# Am/G# Am/G Am/F# ?



## Robert1950 (Jan 21, 2006)

In this Boz Scaggs tune what does the chord name with a forward slash followed by a note or chord name mean? The only I sort of figured out was the *Am/G ,* actually an Am7 with an added G note on low E string

Song: Loan Me a Dime By: Boz Scaggs

[intro:] Dm Dm / E7#9 {keyboard only}

[solo: keyboards] {over verse chords}
Am Dm Am *Am/G# Am/G Am/F#* Dm
Dm Am *Am/G# Am/G Am/F#* F Dm
Am Dm Am E7#9

[solo: guitar] {over verse chords}
Am Dm Am *Am/G# Am/G Am/F#* Dm
Dm Am *Am/G# Am/G Am/F#* F Dm
Am Dm Am E7#9

Thanks


----------



## Guest (Apr 6, 2015)

pretty much.

[video=youtube;-RTh5t8yEqI]https://www.youtube.com/watch?v=-RTh5t8yEqI[/video]


----------



## Robert1950 (Jan 21, 2006)

I just watch that! I Googled further and figured them out. Some of theme are REALLY awkward. Especially when you have weak puny little girly man hands (said with an deep Austrian accent)


----------



## GuyB (May 2, 2008)

The note after the slash is to be added as the bass of the chord. The first one Am/G# is an A minor with a G# in the bass (which is an AmM7 : G# -A - C - E). The second one is a simple Am7 with the G in the bass : G - A - C - E). And the last one in an Am6 with the sixth, F#, in the bass : F# - A - C - E. You have a descending bass line that can be play like :
x x 6 5 5 5
x x 5 5 5 5
x x 4 5 5 5


----------



## JBFairthorne (Oct 11, 2014)

Slash chords, generally speaking, are chords with a different bass note than you would normally use.

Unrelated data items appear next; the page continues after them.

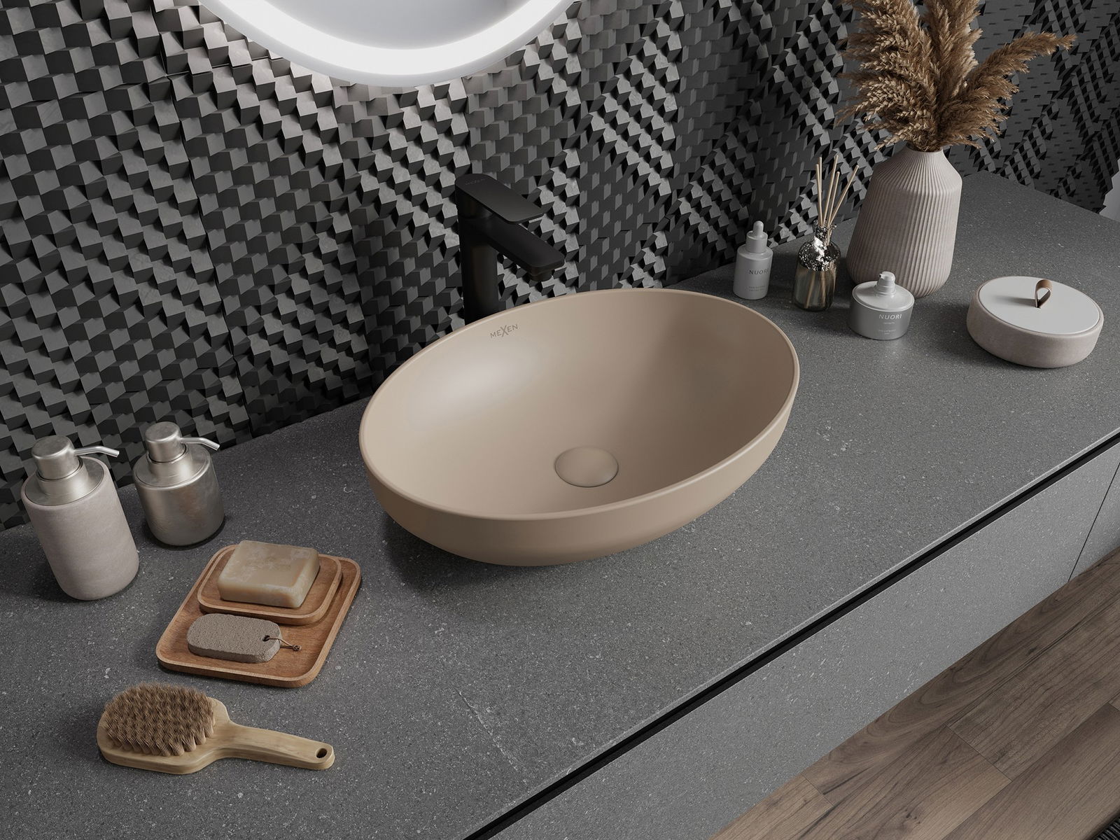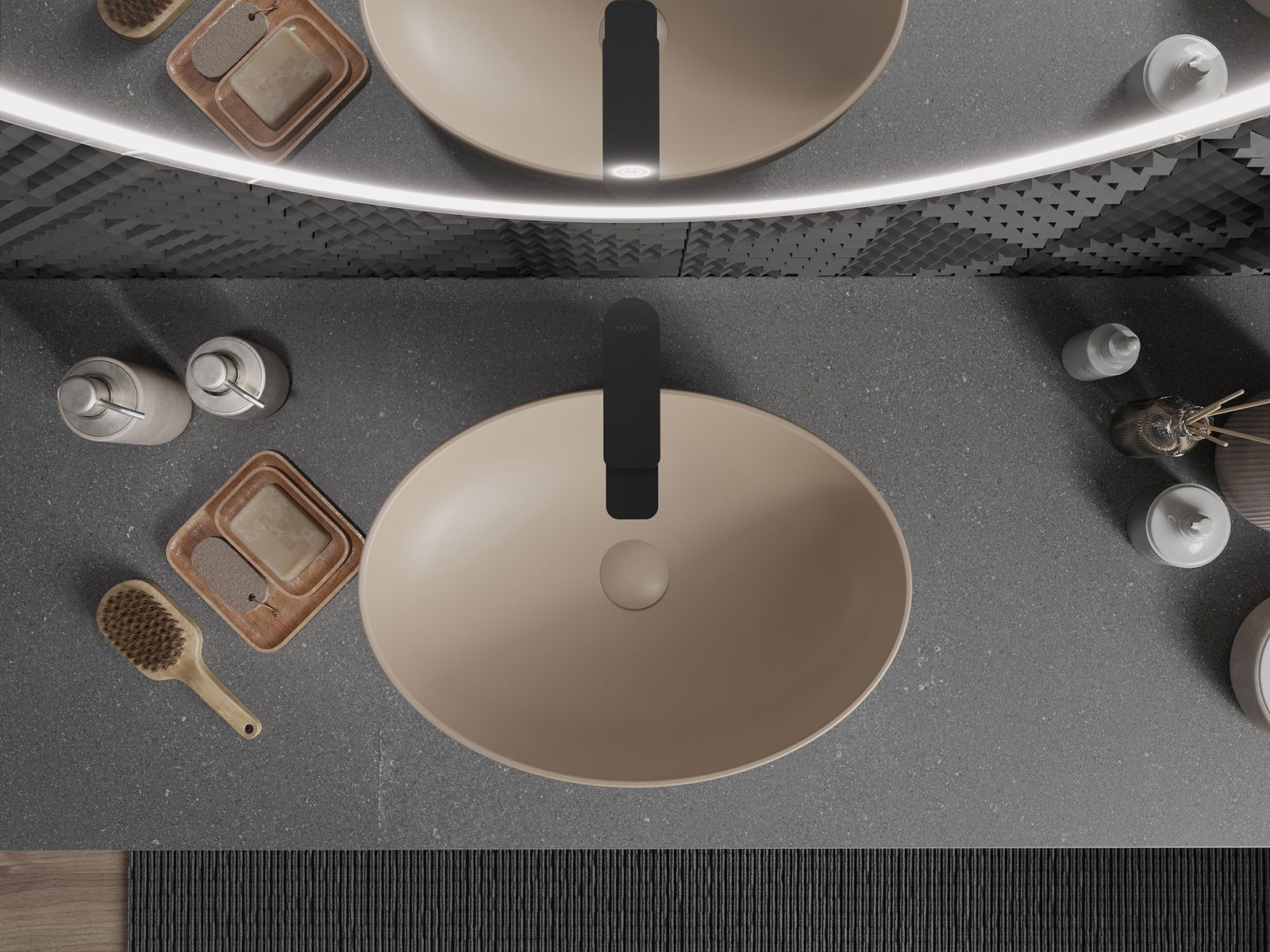 Het matte keramische oppervlak accentueert de kleur van het product perfect en geeft het een unieke en expressieve afwerking. De subtiele textuur van het matte keramiek voegt elegantie toe aan de badkamer en creëert een esthetisch aantrekkelijke ruimte.
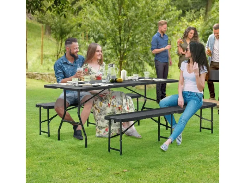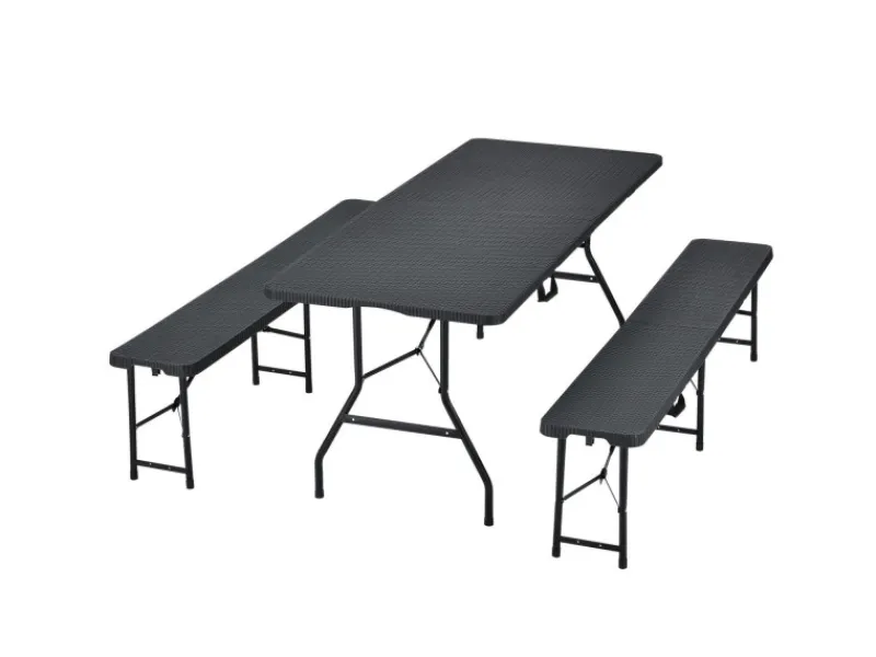 3-teilig: Klappbare Garnitur in Rattan-Optik – Tisch & Bänke für Garten, Party, Camping oder Balkon
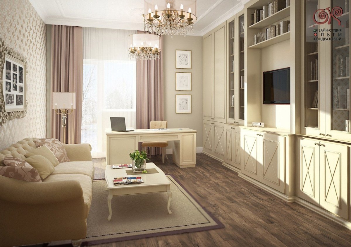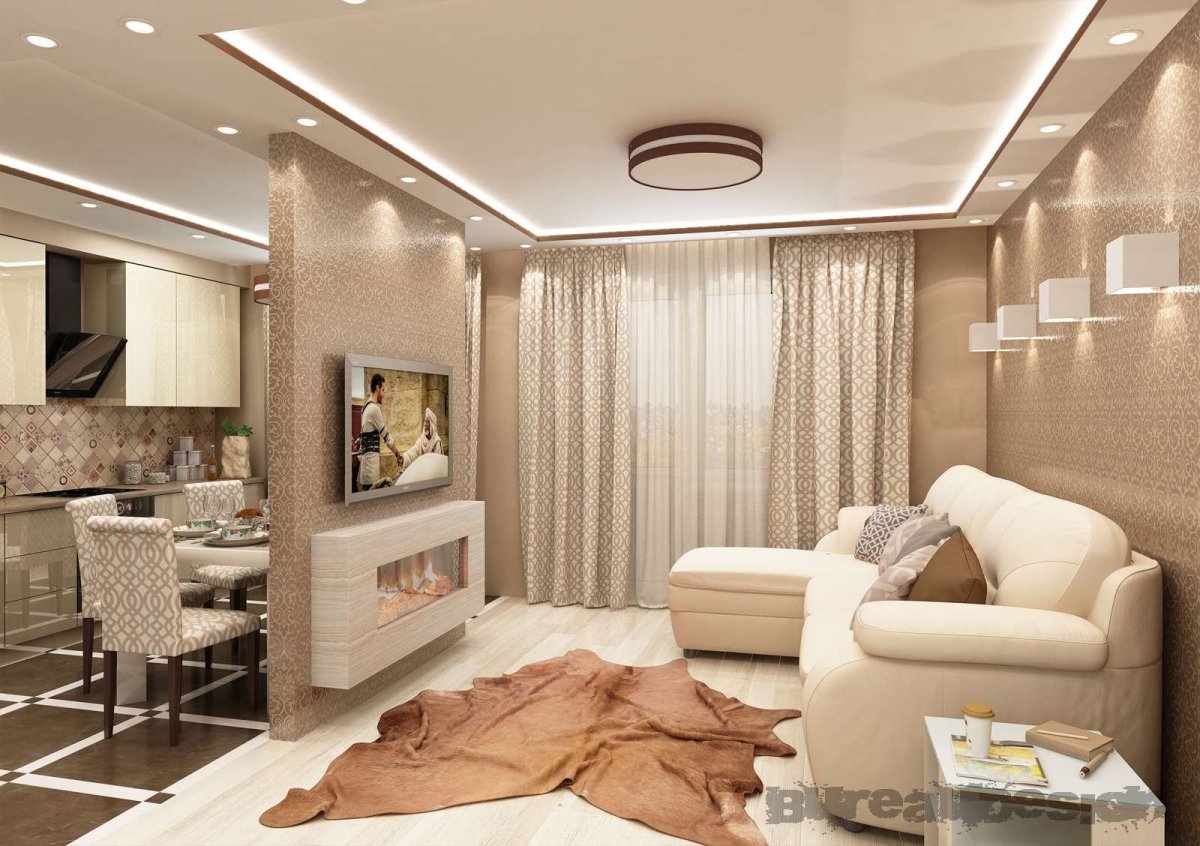 56. Дизайн гостиной в бежево молочных тонах с камином

They're often, but not always, inversions.


----------



## urko99 (Mar 30, 2009)

laristotle said:


> pretty much.
> 
> [video=youtube;-RTh5t8yEqI]https://www.youtube.com/watch?v=-RTh5t8yEqI[/video]


One of my all time Favorite tunes! A lot of Pain in this song. Drew Zing does a great Job on Dwayne's Lead solo.


----------